The default toolchain on Ubuntu 22.04 LTS is sufficient to build the project. Ubuntu 24.04 LTS has not been validated yet, but it is expected to work as well.

Step 1: Build the X86 Backend

Before building, ensure you have completed the environment setup described above.

Run the provided build task to compile MLLM with X86-optimized kernels:

python task.py tasks/build_x86.yaml

This command configures and builds the project with Highway SIMD operations enabled for x86 architecture.

Step 2: Acquire Model Assets

  1. Download the original model from Hugging-Face (or any other reputable source).

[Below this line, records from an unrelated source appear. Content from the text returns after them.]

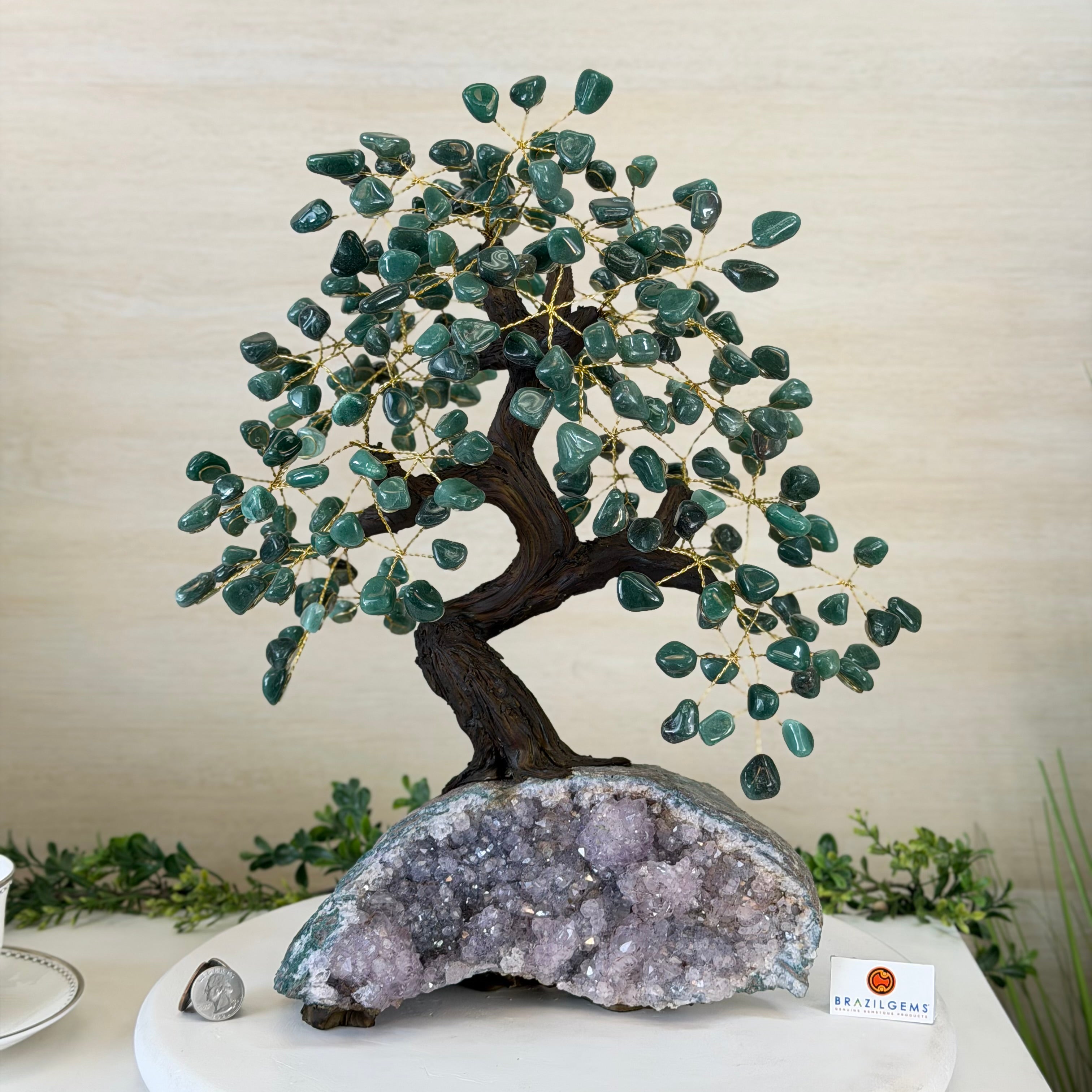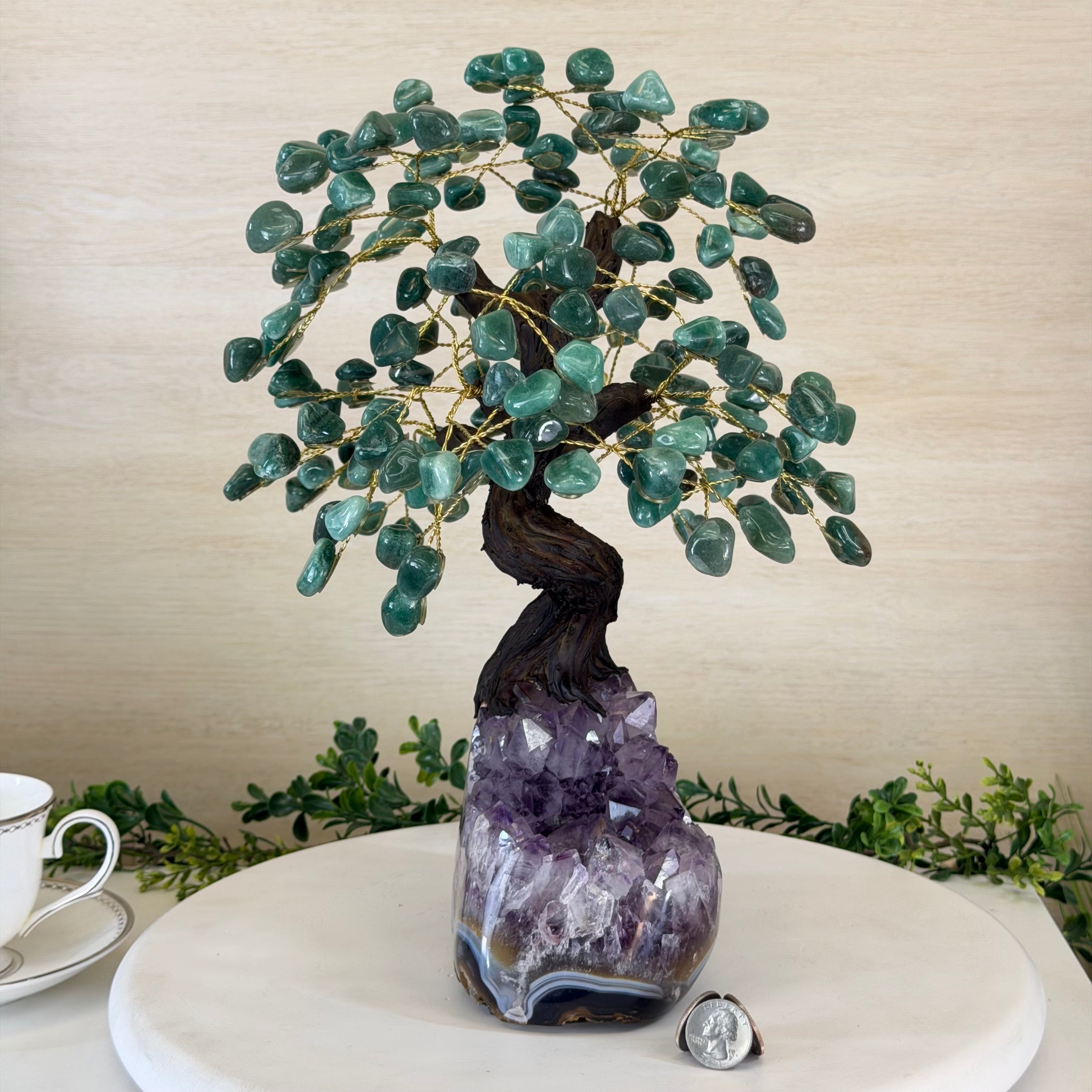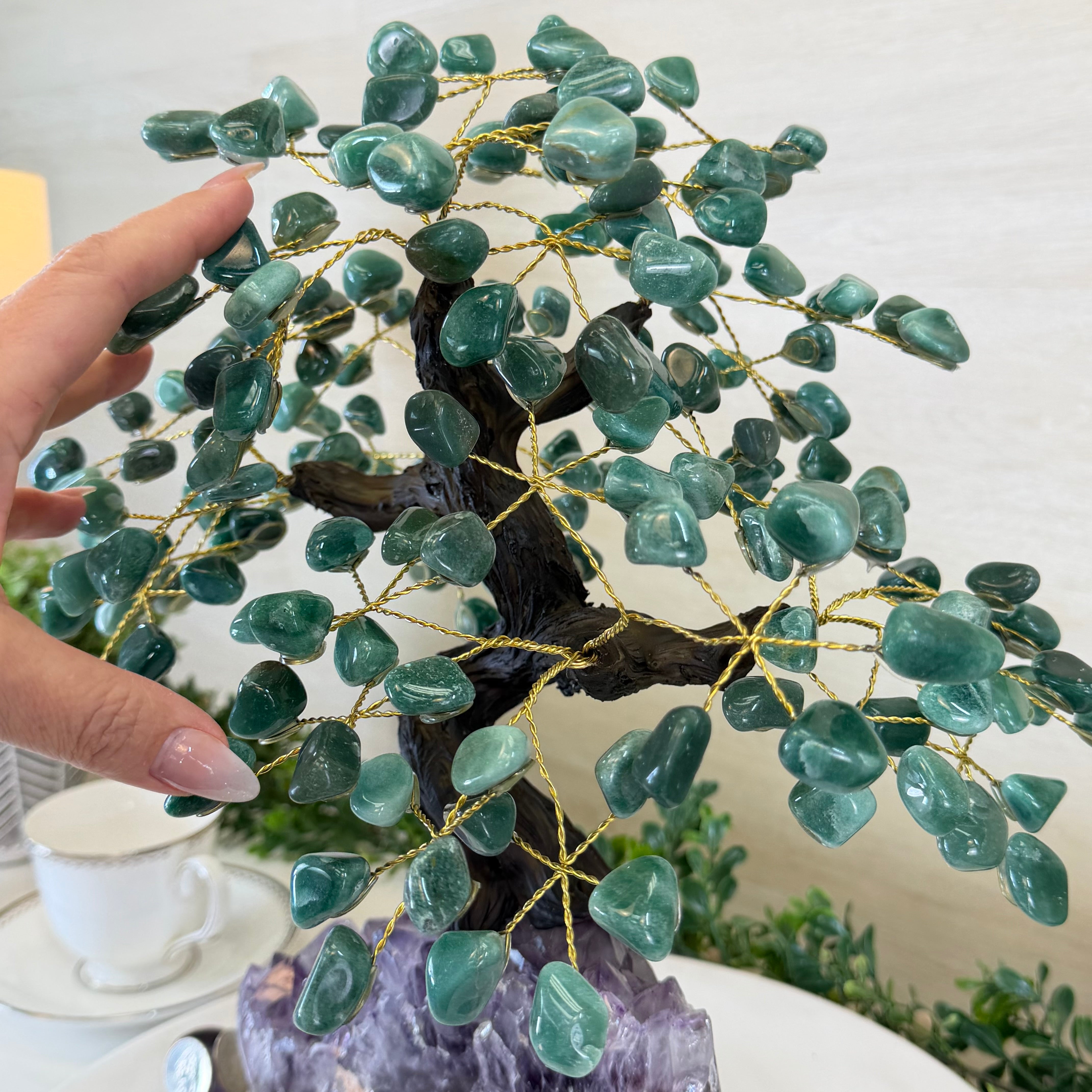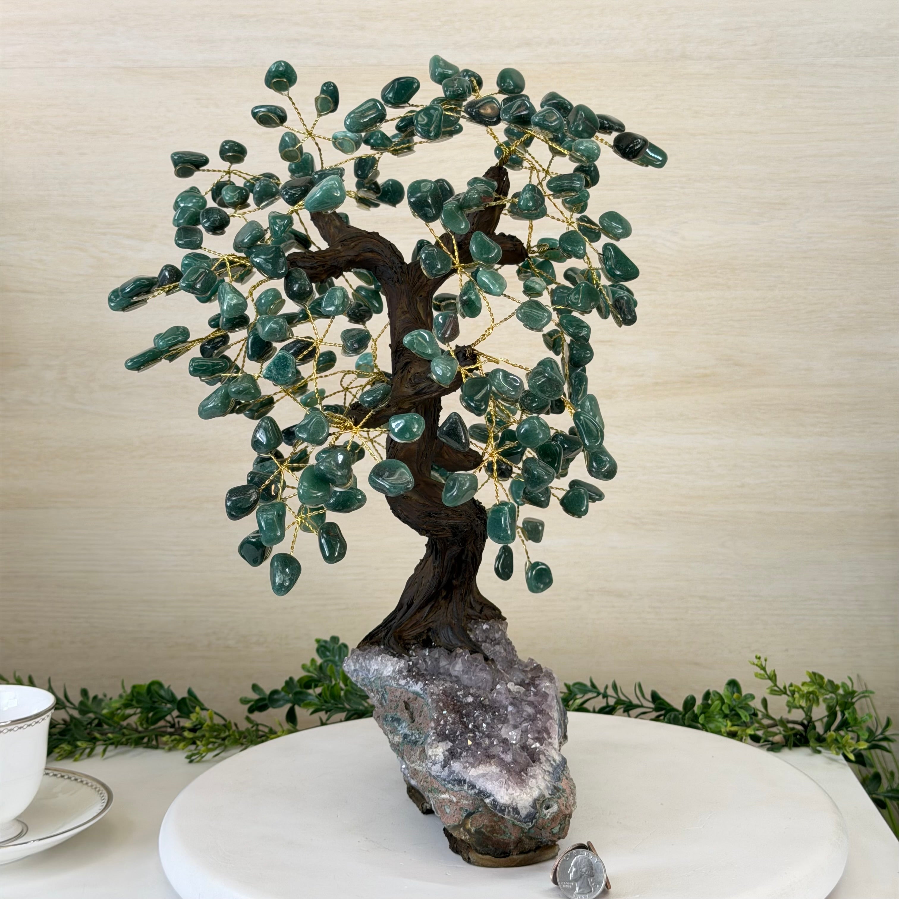 17" Tall Green Quartz Bonsai Gemstone Tree, Amethyst Base, 240 Gems #5405GRNQ-001
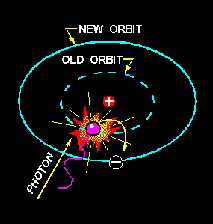 Once the electron has been elevated to an energy level higher than the lowest possible energy level, the atom is said to be in an excited state. The electron will not remain in this excited condition for more than a fraction of a second before it will radiate the excess energy and return to a lower energy orbit. To illustrate this principle, assume that a normal electron has just received a photon of energy sufficient to raise it from the first to the third energy level. In a short period of time the electron may jump back to the first level emitting a new photon identical to the one it received. A second alternative would be for the electron to return to the lower level in two jumps; from the third to the second, and then from the second to the first. In this case the electron would emit two photons, one for each jump. Each of these photons would have less energy than the original photon which excited the electron. This principle is used in the fluorescent light where ultraviolet light photons, which are not visible to the human eye, bombard a phosphor coating on the inside of a glass tube. The phosphor electrons, in returning to their normal orbits, emit photons of light that are visible. By using the proper chemicals for the phosphor coating, any color of light may be obtained, including white. This same principle is also used in lighting up the screen of a television picture tube. The basic principles just developed apply equally well to the atoms of more complex elements. In atoms containing two or more electrons, the electrons interact with each other and the exact path of any one electron is very difficult to predict. However, each electron lies in a specific energy band and the orbits will be considered as an average of the electron's position.
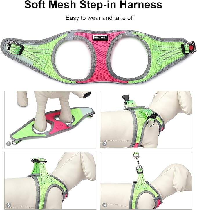 Mercano Soft Mesh Dog Harness and Leash Set, No-Chock Step-in Reflective Breathable Lightweight Easy Walk Escape Proof Vest Harnesses with Safety Buckle for Small Medium Dogs, Cats (S, Hot Pink)
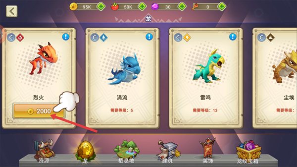 3、可獲取不同種類的龍,如烈火龍,花費金幣解鎖,還有其他系的龍需達到對應等級才能解鎖。

    Typical files you need:

    • config.json

    • tokenizer.json / tokenizer.model

    • PyTorch / Safetensors checkpoints (.bin, .safetensors)

  2. Place everything under a single directory, e.g. ~/models/Qwen3-0.6B.

Note

Models obtained from hosting platforms such as Hugging Face or ModelScope (via git clone or their official CLI) are already organized in a single directory that contains config.json, tokenizer.json, tokenizer.model, checkpoint shards, etc.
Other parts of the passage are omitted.